Among the keys of forest bathing is to bring awareness to all of your senses so you can experience the timbered environment on all levels. Smell was my first concentration, as it had been in the class. Then I began concentrating on sounds. Although the sounds of boats came through the canopy there was no real interference. It was then I realized my hearing aids were still in the charger back home, so perhaps the worst was not being able to hear the birds. Honestly, this isn’t much of an issue for sometimes bird sounds are simply too much for me to handle, and my goal was to relax, to ward away the funkiness in search of some internal peace. 

Like an eye in the forest poking out from a long dead and prone oak …

Those exercises seemed to have helped, so I stood, reached for the camera and headed down the trail. I found myself stopping ever so often to breath in the cool, morning air, that search for smell, to search more deeply for various scents of nature.
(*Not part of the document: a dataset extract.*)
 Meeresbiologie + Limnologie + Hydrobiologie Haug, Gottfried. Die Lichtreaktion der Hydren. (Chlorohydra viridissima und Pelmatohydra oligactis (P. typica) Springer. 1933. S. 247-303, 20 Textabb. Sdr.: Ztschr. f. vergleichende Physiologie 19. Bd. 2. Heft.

Yes, there was a muskiness, especially as I neared a stream meandering through the wooded ravine. Searching the treetops, I started seeing the fleeting flights of brownish birds although I couldn’t make the species. Little did it matter. 
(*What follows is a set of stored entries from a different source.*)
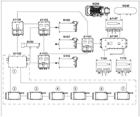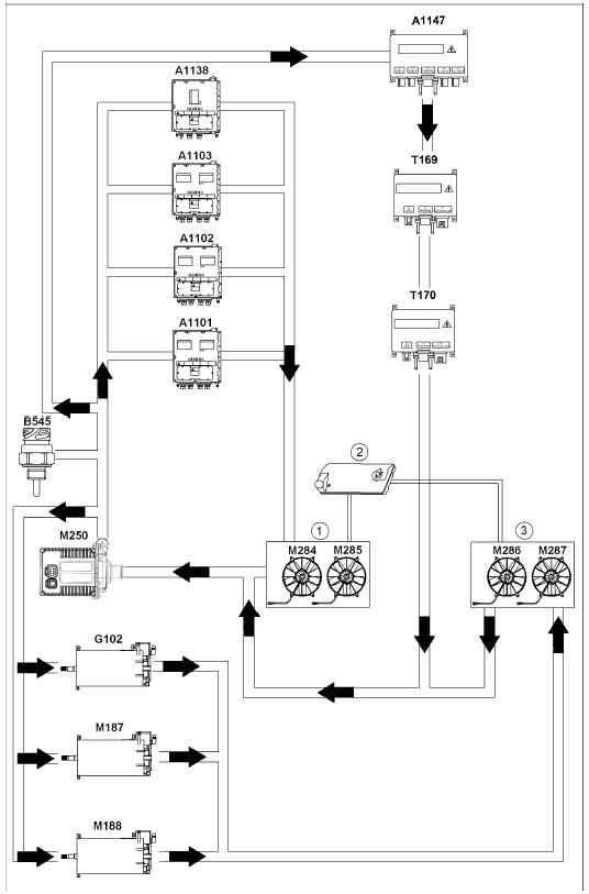 · Теплообменники (1, 3) с двигателями вентиляторов (M284, M285, M286, M287)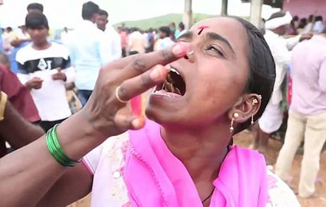 Tại ngôi làng Kandkoor ở Ấn Độ, một cảnh tượng độc đáo diễn ra mỗi năm: người dân cho bò cạp bò lên mặt, tai và thậm chí cả miệng để thể hiện sự tôn vinh thần linh.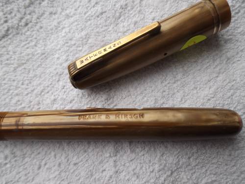 Waterman Gold Marble Lever Fountain Pen.14ct 2A. Frank & Hirsch is stamped on the pen. The nib is bent forward a little, not sure if it should be that way as the nib does look in good condition. Needs a nice polish. Post Office with tracking number R60 or Post Net R120.

My strongest sense is sight, and there was much to see. Wild flowers dotted the path, and I became keenly aware of the ever changing treescapes, both along the forest floor and in the canopy above. The path led through an overreaching canopy of burr oak, dogwood, ash and maple, traversing down the hill toward the small stream. There a new wooden walkway had been built over an older bridge, and the two created a nice, comfortable place to sit for a rest while listening to the hypnotic sounds of rustling water. It was perfectly meditative, giving me a sense that mentally I was feeling more free of any lingering stress or mental discomfort. My forest bathing was working wonders. Something about a saunter through the woods and a burbling creek.

Visually I was becoming increasingly more aware of the small wonders of the forest, things I may have overlooked on another day. One was an incredible view inside the soul of a downed oak, peeking out at me like an eye of the forest. And there was a flower beside my knee that strangely and suddenly introduced itself, a streamside orangish flower I couldn’t recall ever seeing before. iNaturalist suggested it was an Orange Jewelweed. In the woods White Snakeroot poked through the grasses to create small, woodland “meadows” around the bases of tree trunks, and even a view of a hillside of sumac caught my attention, the reddish berries poking up from the green carpet of leaves.
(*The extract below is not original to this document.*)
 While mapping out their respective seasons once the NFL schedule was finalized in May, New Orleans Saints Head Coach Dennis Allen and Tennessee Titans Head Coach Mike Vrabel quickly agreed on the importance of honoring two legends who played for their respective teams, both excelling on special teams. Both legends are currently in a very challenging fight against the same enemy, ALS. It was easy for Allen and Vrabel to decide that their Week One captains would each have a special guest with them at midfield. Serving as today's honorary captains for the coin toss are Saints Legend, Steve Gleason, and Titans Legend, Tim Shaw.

As usual when I’m in an oak savanna, above me the stately limbs of the oaks once again fascinated me. There, deep in the woods, a sense of comfort came from being surrounded by the haunting beauty of a rich, oak savanna. Although I’ve made numerous images of oak limbs over the years here at Bonanza and in other savannas, here I was raising my camera again and again. As J.R.R. Tolkiem, author of the Hobbit tales, wrote:

“All that is gold does not glitter,

Not all those who wander are lost;

The old that is strong does not wither,

Deep roots are not reached by the frost.”

The worn pathway curved alongside the lake for a few hundred feet before angling back toward the heart of the savanna. Suddenly I sensed some familiarity as I began to recognize different features from past walks and photography events below the Education Center. There would be a climb up the hill, although thanks to the deep breathing before and intermittently throughout the saunter, the walk up the hill was hardly a bother. Memories of an art and science camp with fifth and sixth grade students began to come to mind, bringing brief smiles of recollection — one of many memories gathered here.

I can never seem to have enough of the stately limbs of the oaks.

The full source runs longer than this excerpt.